### THE PROBLEM:
Each line below must be written out exactly as shown.

### GIVEN ENTRIES:
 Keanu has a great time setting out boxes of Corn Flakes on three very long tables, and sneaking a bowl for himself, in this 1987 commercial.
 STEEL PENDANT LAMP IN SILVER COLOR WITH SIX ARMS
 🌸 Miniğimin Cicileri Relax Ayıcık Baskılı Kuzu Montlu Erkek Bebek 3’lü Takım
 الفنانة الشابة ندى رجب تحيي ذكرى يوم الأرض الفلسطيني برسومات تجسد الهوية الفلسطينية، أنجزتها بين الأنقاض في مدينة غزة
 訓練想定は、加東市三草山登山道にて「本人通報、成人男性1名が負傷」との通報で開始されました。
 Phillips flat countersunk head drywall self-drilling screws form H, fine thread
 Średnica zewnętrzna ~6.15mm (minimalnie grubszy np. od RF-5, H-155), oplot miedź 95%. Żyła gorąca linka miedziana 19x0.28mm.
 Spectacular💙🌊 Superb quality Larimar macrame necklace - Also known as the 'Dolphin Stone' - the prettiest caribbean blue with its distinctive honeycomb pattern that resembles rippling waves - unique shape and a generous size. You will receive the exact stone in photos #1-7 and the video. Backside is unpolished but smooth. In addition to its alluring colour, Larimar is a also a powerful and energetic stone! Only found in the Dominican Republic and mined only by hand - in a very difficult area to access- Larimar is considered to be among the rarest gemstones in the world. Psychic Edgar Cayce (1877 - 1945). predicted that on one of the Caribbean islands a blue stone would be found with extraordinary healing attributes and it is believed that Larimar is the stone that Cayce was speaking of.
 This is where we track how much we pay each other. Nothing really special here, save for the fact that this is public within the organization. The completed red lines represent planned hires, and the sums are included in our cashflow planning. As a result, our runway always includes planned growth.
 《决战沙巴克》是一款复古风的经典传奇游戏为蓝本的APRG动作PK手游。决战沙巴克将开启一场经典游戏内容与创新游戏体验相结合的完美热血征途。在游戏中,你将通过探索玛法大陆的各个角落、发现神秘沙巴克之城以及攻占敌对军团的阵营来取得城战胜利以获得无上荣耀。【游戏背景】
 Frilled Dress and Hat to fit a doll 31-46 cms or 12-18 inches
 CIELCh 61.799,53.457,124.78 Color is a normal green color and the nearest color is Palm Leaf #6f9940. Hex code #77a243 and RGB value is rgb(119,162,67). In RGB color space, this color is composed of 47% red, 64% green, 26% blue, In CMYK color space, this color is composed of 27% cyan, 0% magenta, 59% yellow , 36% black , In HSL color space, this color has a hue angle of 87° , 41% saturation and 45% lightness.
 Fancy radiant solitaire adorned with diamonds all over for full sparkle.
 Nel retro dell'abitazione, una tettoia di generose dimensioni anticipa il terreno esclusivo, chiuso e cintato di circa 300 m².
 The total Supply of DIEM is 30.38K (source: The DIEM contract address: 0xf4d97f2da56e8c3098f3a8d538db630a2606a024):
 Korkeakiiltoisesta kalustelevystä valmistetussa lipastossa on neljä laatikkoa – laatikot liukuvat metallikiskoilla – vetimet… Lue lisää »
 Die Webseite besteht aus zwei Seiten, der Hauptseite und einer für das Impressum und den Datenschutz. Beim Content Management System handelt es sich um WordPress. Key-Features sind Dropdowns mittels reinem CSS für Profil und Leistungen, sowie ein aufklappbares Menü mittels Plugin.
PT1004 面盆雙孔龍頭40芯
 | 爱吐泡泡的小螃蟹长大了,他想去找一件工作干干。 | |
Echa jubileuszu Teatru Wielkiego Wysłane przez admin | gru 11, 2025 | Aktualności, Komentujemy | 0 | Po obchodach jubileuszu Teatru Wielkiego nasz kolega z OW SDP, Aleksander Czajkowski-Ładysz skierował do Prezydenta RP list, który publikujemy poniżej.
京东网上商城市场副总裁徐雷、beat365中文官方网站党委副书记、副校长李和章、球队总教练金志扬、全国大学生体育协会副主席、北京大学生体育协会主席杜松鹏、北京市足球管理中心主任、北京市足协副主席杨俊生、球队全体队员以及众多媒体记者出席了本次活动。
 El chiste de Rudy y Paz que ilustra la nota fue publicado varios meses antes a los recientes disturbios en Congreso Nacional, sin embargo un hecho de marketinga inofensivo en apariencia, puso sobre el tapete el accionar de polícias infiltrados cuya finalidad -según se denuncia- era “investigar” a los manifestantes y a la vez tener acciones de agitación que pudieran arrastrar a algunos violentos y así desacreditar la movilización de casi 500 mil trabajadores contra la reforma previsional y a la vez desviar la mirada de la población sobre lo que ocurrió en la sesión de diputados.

### RESULT FOR THIS EXERCISE:
 Keanu has a great time setting out boxes of Corn Flakes on three very long tables, and sneaking a bowl for himself, in this 1987 commercial.
 STEEL PENDANT LAMP IN SILVER COLOR WITH SIX ARMS
 🌸 Miniğimin Cicileri Relax Ayıcık Baskılı Kuzu Montlu Erkek Bebek 3’lü Takım
 الفنانة الشابة ندى رجب تحيي ذكرى يوم الأرض الفلسطيني برسومات تجسد الهوية الفلسطينية، أنجزتها بين الأنقاض في مدينة غزة
 訓練想定は、加東市三草山登山道にて「本人通報、成人男性1名が負傷」との通報で開始されました。
 Phillips flat countersunk head drywall self-drilling screws form H, fine thread
 Średnica zewnętrzna ~6.15mm (minimalnie grubszy np. od RF-5, H-155), oplot miedź 95%. Żyła gorąca linka miedziana 19x0.28mm.
 Spectacular💙🌊 Superb quality Larimar macrame necklace - Also known as the 'Dolphin Stone' - the prettiest caribbean blue with its distinctive honeycomb pattern that resembles rippling waves - unique shape and a generous size. You will receive the exact stone in photos #1-7 and the video. Backside is unpolished but smooth. In addition to its alluring colour, Larimar is a also a powerful and energetic stone! Only found in the Dominican Republic and mined only by hand - in a very difficult area to access- Larimar is considered to be among the rarest gemstones in the world. Psychic Edgar Cayce (1877 - 1945). predicted that on one of the Caribbean islands a blue stone would be found with extraordinary healing attributes and it is believed that Larimar is the stone that Cayce was speaking of.
 This is where we track how much we pay each other. Nothing really special here, save for the fact that this is public within the organization. The completed red lines represent planned hires, and the sums are included in our cashflow planning. As a result, our runway always includes planned growth.
 《决战沙巴克》是一款复古风的经典传奇游戏为蓝本的APRG动作PK手游。决战沙巴克将开启一场经典游戏内容与创新游戏体验相结合的完美热血征途。在游戏中,你将通过探索玛法大陆的各个角落、发现神秘沙巴克之城以及攻占敌对军团的阵营来取得城战胜利以获得无上荣耀。【游戏背景】
 Frilled Dress and Hat to fit a doll 31-46 cms or 12-18 inches
 CIELCh 61.799,53.457,124.78 Color is a normal green color and the nearest color is Palm Leaf #6f9940. Hex code #77a243 and RGB value is rgb(119,162,67). In RGB color space, this color is composed of 47% red, 64% green, 26% blue, In CMYK color space, this color is composed of 27% cyan, 0% magenta, 59% yellow , 36% black , In HSL color space, this color has a hue angle of 87° , 41% saturation and 45% lightness.
 Fancy radiant solitaire adorned with diamonds all over for full sparkle.
 Nel retro dell'abitazione, una tettoia di generose dimensioni anticipa il terreno esclusivo, chiuso e cintato di circa 300 m².
 The total Supply of DIEM is 30.38K (source: The DIEM contract address: 0xf4d97f2da56e8c3098f3a8d538db630a2606a024):
 Korkeakiiltoisesta kalustelevystä valmistetussa lipastossa on neljä laatikkoa – laatikot liukuvat metallikiskoilla – vetimet… Lue lisää »
 Die Webseite besteht aus zwei Seiten, der Hauptseite und einer für das Impressum und den Datenschutz. Beim Content Management System handelt es sich um WordPress. Key-Features sind Dropdowns mittels reinem CSS für Profil und Leistungen, sowie ein aufklappbares Menü mittels Plugin.
PT1004 面盆雙孔龍頭40芯
 | 爱吐泡泡的小螃蟹长大了,他想去找一件工作干干。 | |
Echa jubileuszu Teatru Wielkiego Wysłane przez admin | gru 11, 2025 | Aktualności, Komentujemy | 0 | Po obchodach jubileuszu Teatru Wielkiego nasz kolega z OW SDP, Aleksander Czajkowski-Ładysz skierował do Prezydenta RP list, który publikujemy poniżej.
京东网上商城市场副总裁徐雷、beat365中文官方网站党委副书记、副校长李和章、球队总教练金志扬、全国大学生体育协会副主席、北京大学生体育协会主席杜松鹏、北京市足球管理中心主任、北京市足协副主席杨俊生、球队全体队员以及众多媒体记者出席了本次活动。
 El chiste de Rudy y Paz que ilustra la nota fue publicado varios meses antes a los recientes disturbios en Congreso Nacional, sin embargo un hecho de marketinga inofensivo en apariencia, puso sobre el tapete el accionar de polícias infiltrados cuya finalidad -según se denuncia- era “investigar” a los manifestantes y a la vez tener acciones de agitación que pudieran arrastrar a algunos violentos y así desacreditar la movilización de casi 500 mil trabajadores contra la reforma previsional y a la vez desviar la mirada de la población sobre lo que ocurrió en la sesión de diputados.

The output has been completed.